» INSTRUCTIONS TO FOLLOW
Could you give again exactly, and only, the lines from the one holding "造船廠鋼板鍍漆表面30mm遠(yuǎn)距離二維碼UV噴印效果" through the end of the data, both ends included, with pictures left out?

-- EXTRACTED MATERIAL follows --

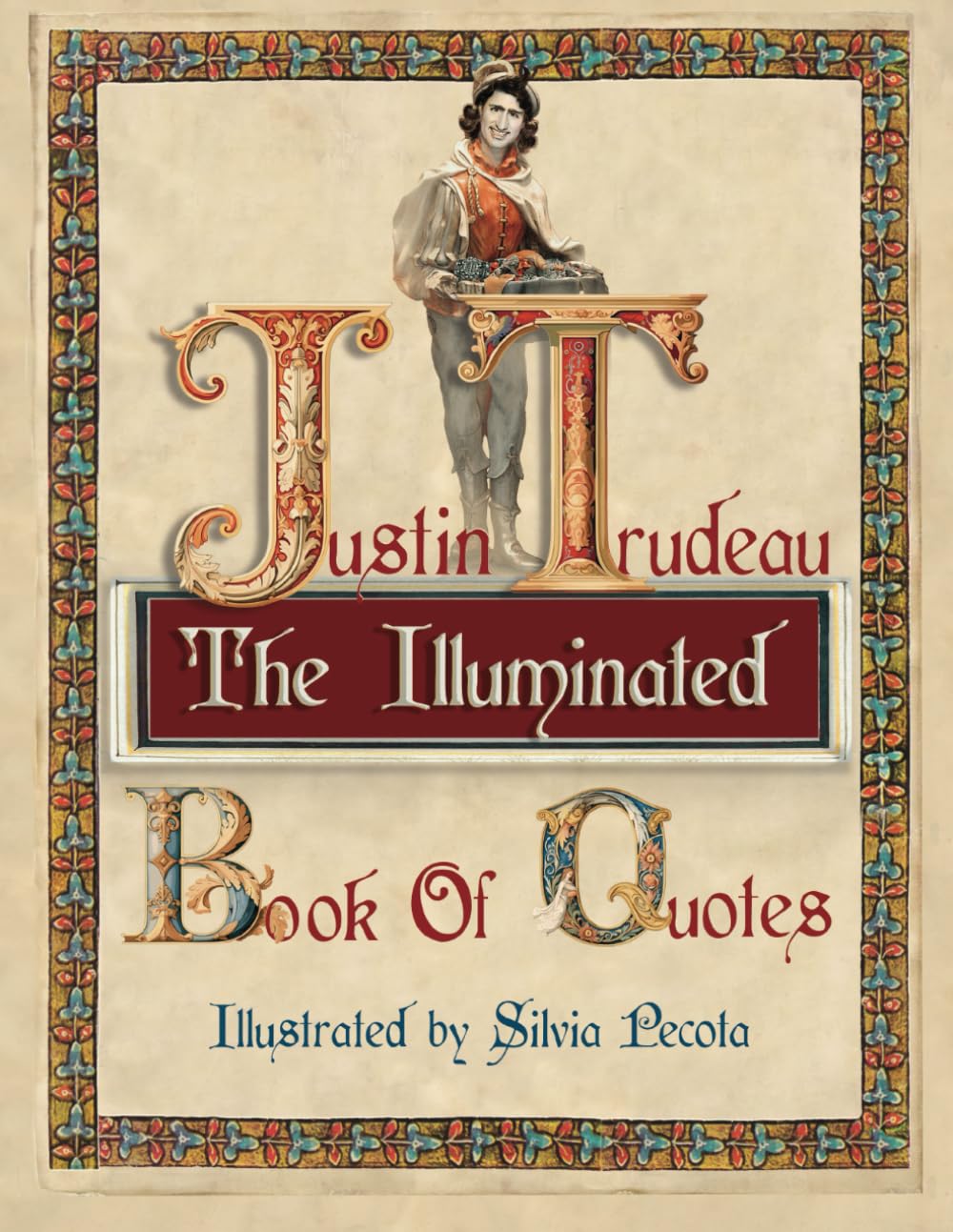 Inspired by medieval illuminated manuscripts, Canadian artist Silvia Pecota has illustrated this satirical collection of quotes made by Justin Trudeau since he entered office. Incorporated are allegorical characters representing key figures who have influenced this Prime Minister’s style of politi
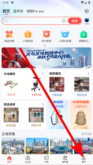 1、打開(kāi)小商品城,點(diǎn)擊底部導(dǎo)航欄最右側(cè)的我的,進(jìn)入個(gè)人中心頁(yè)面。
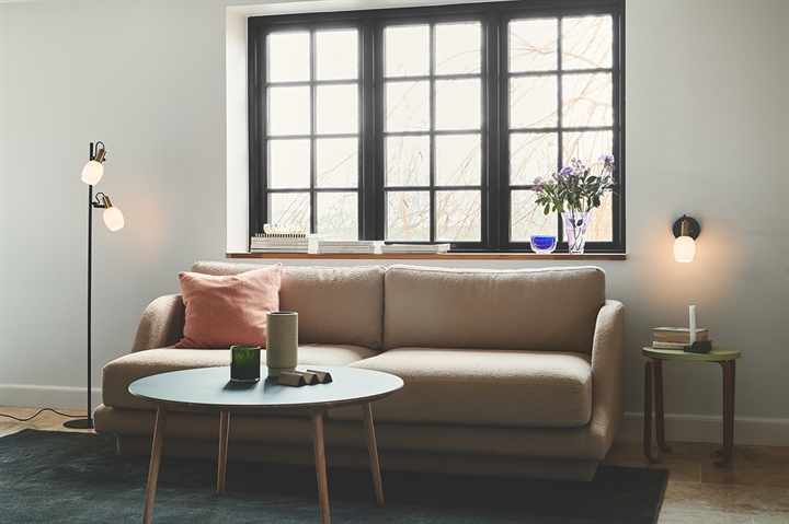 Arild vloerlamp combineert prachtig de opaalwitte kappen, de bruine messing details en de kleur mat zwart. De vloerlamp heeft een modern en functioneel design. De kappen zorgen ervoor dat het licht gedempt en diffuus lijkt. Bovendien zijn ze verstelbaar, waardoor het mogelijk is om gericht licht te krijgen.
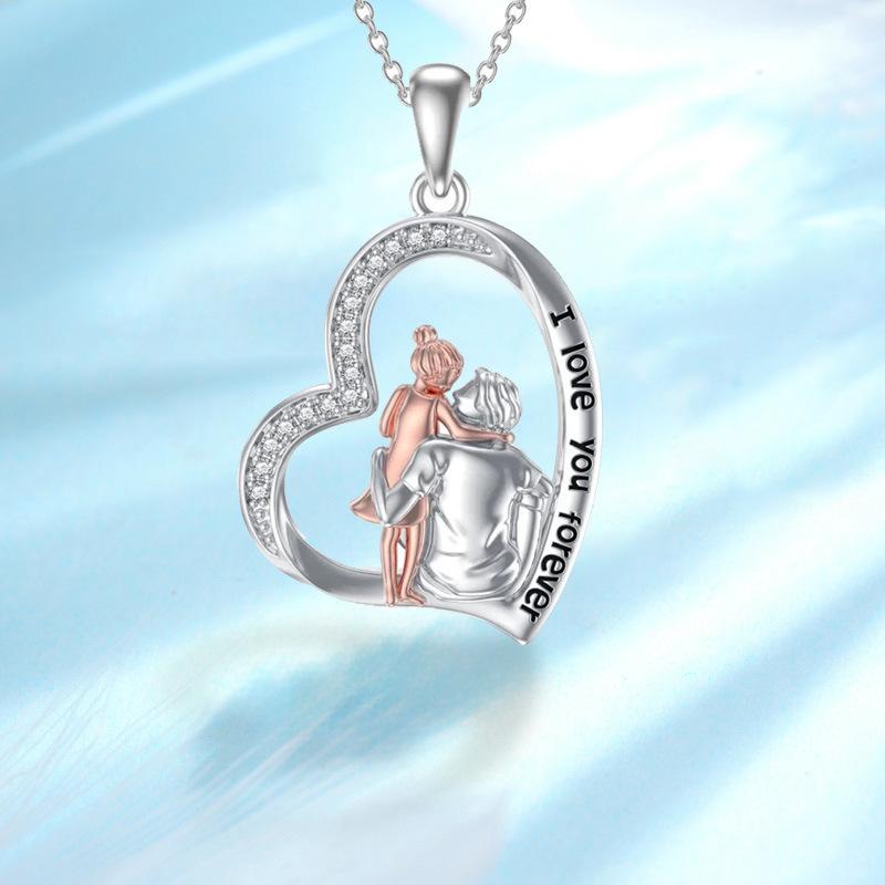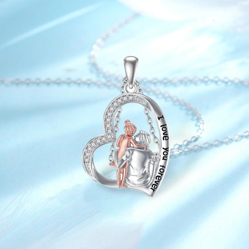 Collar de Corazón para el Día de la Madre de Amazon de Venta Caliente Transfronterizo Regalo Cadena de Clavícula de Moda Bicolor Europea y Americana Colgante S925
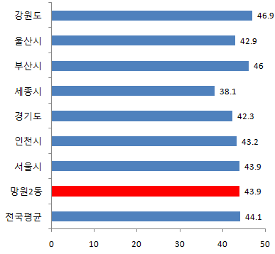 망원2동의 남자 평균연령은 43세
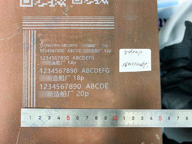 造船廠鋼板鍍漆表面30mm遠(yuǎn)距離二維碼UV噴印效果
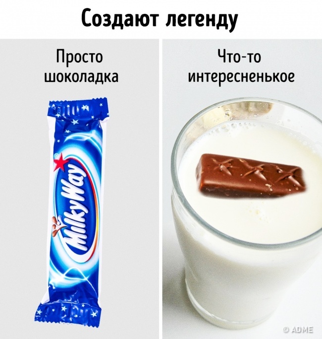 Відмінний хід — придумати легенду, яка оточує товар, немов ореол. І зовсім не важливо, чи є в ній сенс. Багато згадають рекламу батончика Milky Way, яку показували по телевізору в країнах Європи на початку 90-х. Батончик позиціонувався як плаваючий в молоці. Який у цьому сенс? Ніякого. Але це стало відмітним знаком, якоюсь фішкою Milky Way.
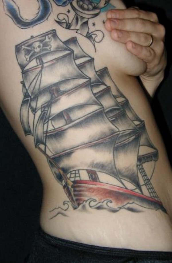 腰侧传统素描风船舶纹身图案
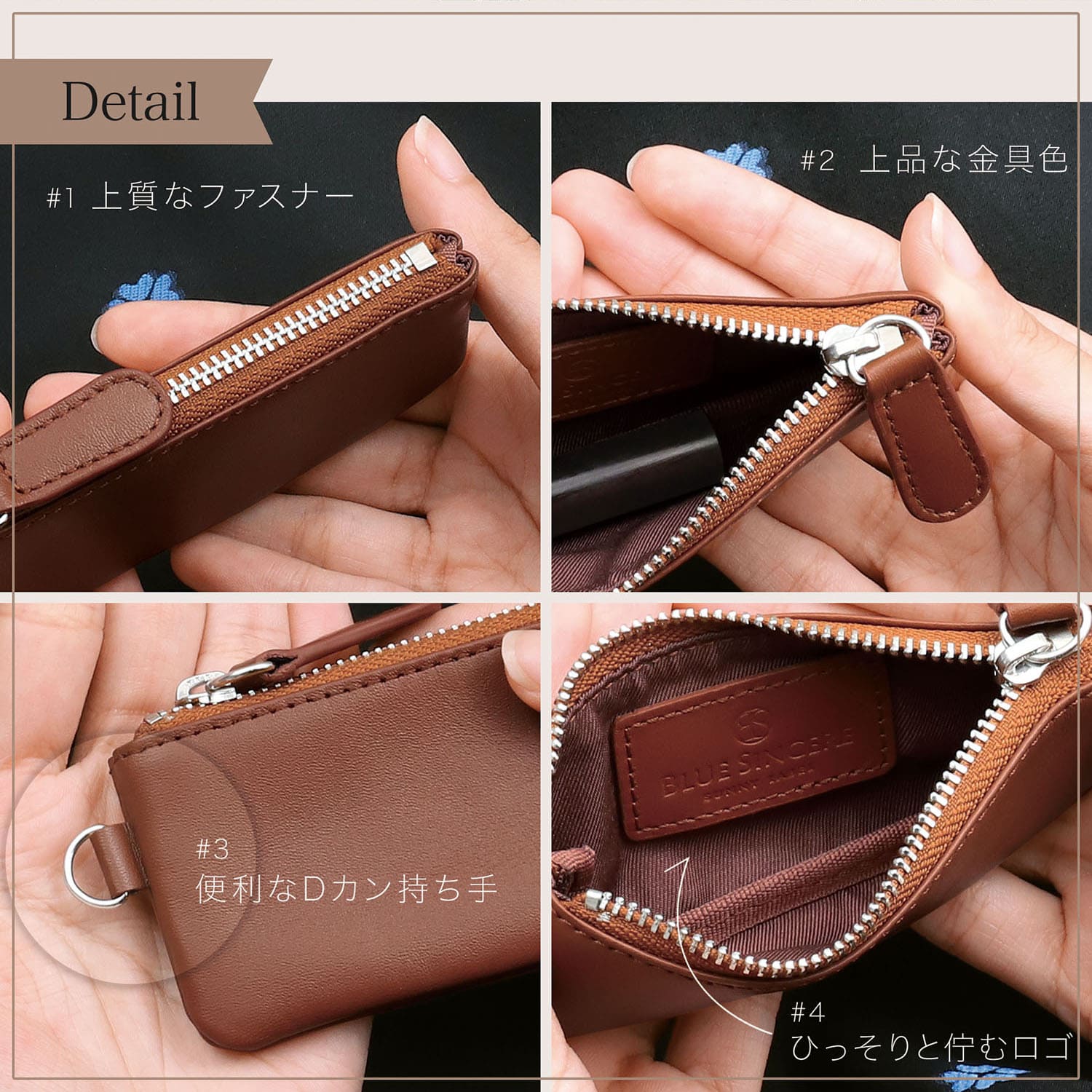 「印鑑を2~3本まとめてスマートに持ち歩きたいけど、ちょうどいいサイズのケースがない…」「合皮のケースはすぐ劣化して汚れてしまう」「100均の印鑑ケースを使ってるけど、もっと気分が上がる上質なものに変えたい」そんなお悩みはありませんか?ブルーシンシアでは、2~3本までの印鑑を美しく収められる専用設計の印鑑ケースをご用意しました。(法人の印鑑は1~2本程度)外装には、当ブランドオリジナルのプレミアムレザーを採用。上品な質感と高い耐久性で、使うたび手に心地よさと満足感を与えてくれます。ビジネスシーンでふと印鑑を取り出す瞬間も、さりげない上質感を演出。「見えない部分にもこだわる」そんなあなたにふさわしい、機能美と品格を備えた印鑑ケースです。
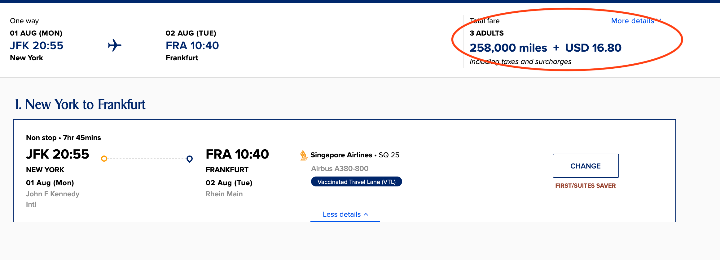 There was a lot of availability for Singapore Suites on the A380 between New York-JFK and Frankfurt (FRA) from March and August 2022. Many flights had at least one seat at that price, but some had two or three Saver awards available. That's quite unusual because the airline normally doesn't release many award offerings in its suite class that far in advance.
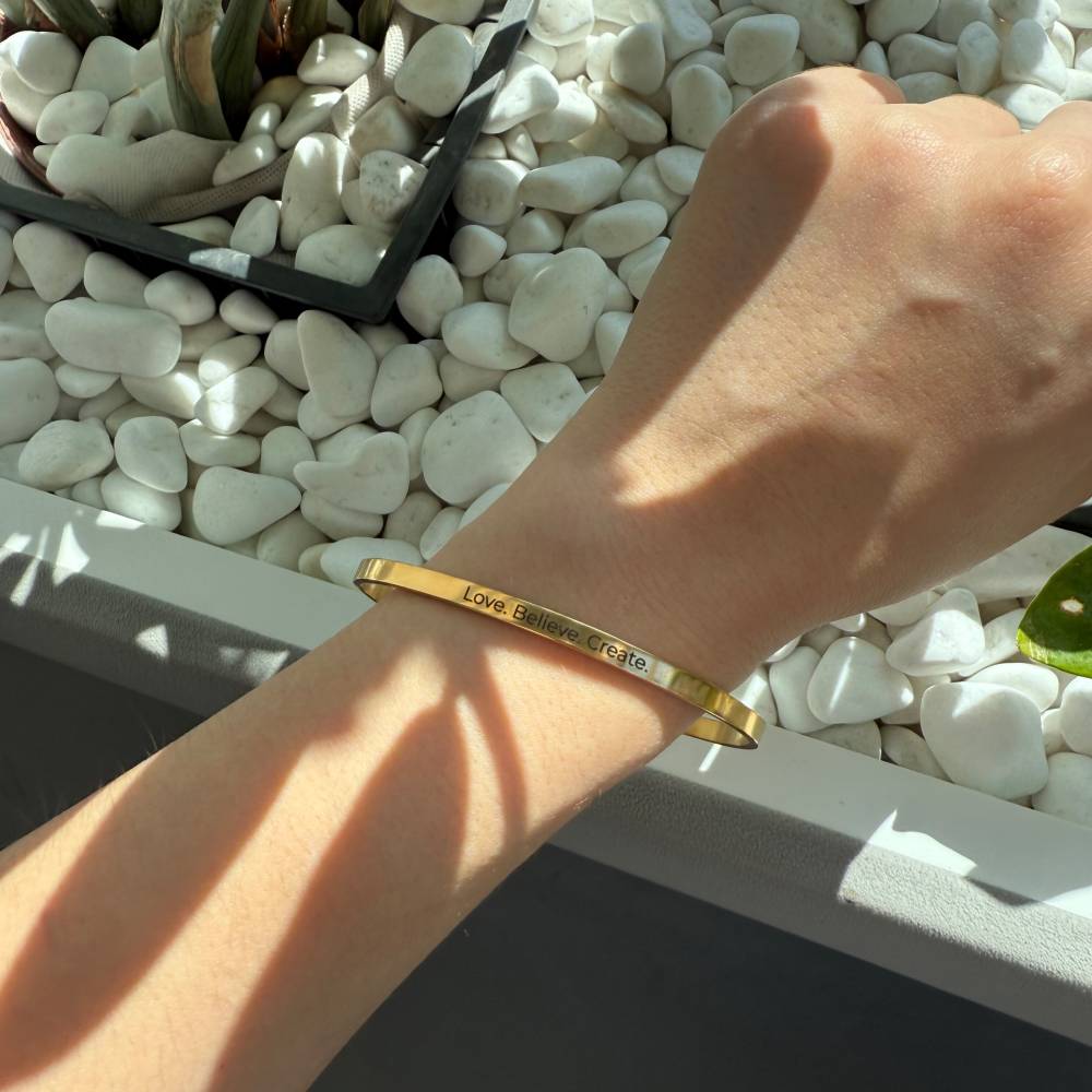 Цей браслет стане чудовим способом зберегти важливі слова, імена або дати поруч із собою. Гравіювання виконується з ювелірною точністю та залишається чітким і насиченим протягом багатьох років.
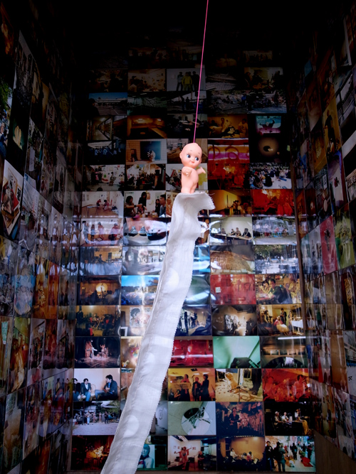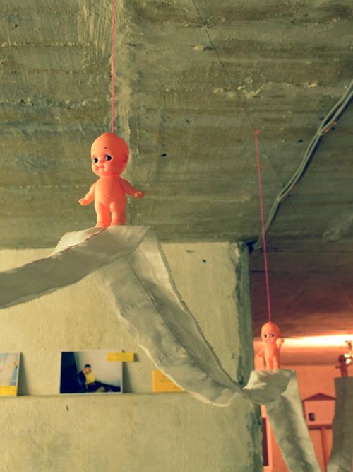 タカユキオバナ×栃木美保「この道はいつか来た道」入口で出迎えたキューピー人形が地下室の奥まで来場者を導いてくれます。
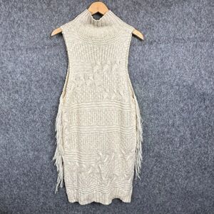 She+Sky Sweater Womens S Sleeveless Chunky Knit Western Boho Fringe Mock Neck

-- EXTRACTED MATERIAL concluded --

» RESPONSE TO THE TASK
 造船廠鋼板鍍漆表面30mm遠(yuǎn)距離二維碼UV噴印效果
 Відмінний хід — придумати легенду, яка оточує товар, немов ореол. І зовсім не важливо, чи є в ній сенс. Багато згадають рекламу батончика Milky Way, яку показували по телевізору в країнах Європи на початку 90-х. Батончик позиціонувався як плаваючий в молоці. Який у цьому сенс? Ніякого. Але це стало відмітним знаком, якоюсь фішкою Milky Way.
 腰侧传统素描风船舶纹身图案
 「印鑑を2~3本まとめてスマートに持ち歩きたいけど、ちょうどいいサイズのケースがない…」「合皮のケースはすぐ劣化して汚れてしまう」「100均の印鑑ケースを使ってるけど、もっと気分が上がる上質なものに変えたい」そんなお悩みはありませんか?ブルーシンシアでは、2~3本までの印鑑を美しく収められる専用設計の印鑑ケースをご用意しました。(法人の印鑑は1~2本程度)外装には、当ブランドオリジナルのプレミアムレザーを採用。上品な質感と高い耐久性で、使うたび手に心地よさと満足感を与えてくれます。ビジネスシーンでふと印鑑を取り出す瞬間も、さりげない上質感を演出。「見えない部分にもこだわる」そんなあなたにふさわしい、機能美と品格を備えた印鑑ケースです。
 There was a lot of availability for Singapore Suites on the A380 between New York-JFK and Frankfurt (FRA) from March and August 2022. Many flights had at least one seat at that price, but some had two or three Saver awards available. That's quite unusual because the airline normally doesn't release many award offerings in its suite class that far in advance.
 Цей браслет стане чудовим способом зберегти важливі слова, імена або дати поруч із собою. Гравіювання виконується з ювелірною точністю та залишається чітким і насиченим протягом багатьох років.
 タカユキオバナ×栃木美保「この道はいつか来た道」入口で出迎えたキューピー人形が地下室の奥まで来場者を導いてくれます。
 She+Sky Sweater Womens S Sleeveless Chunky Knit Western Boho Fringe Mock Neck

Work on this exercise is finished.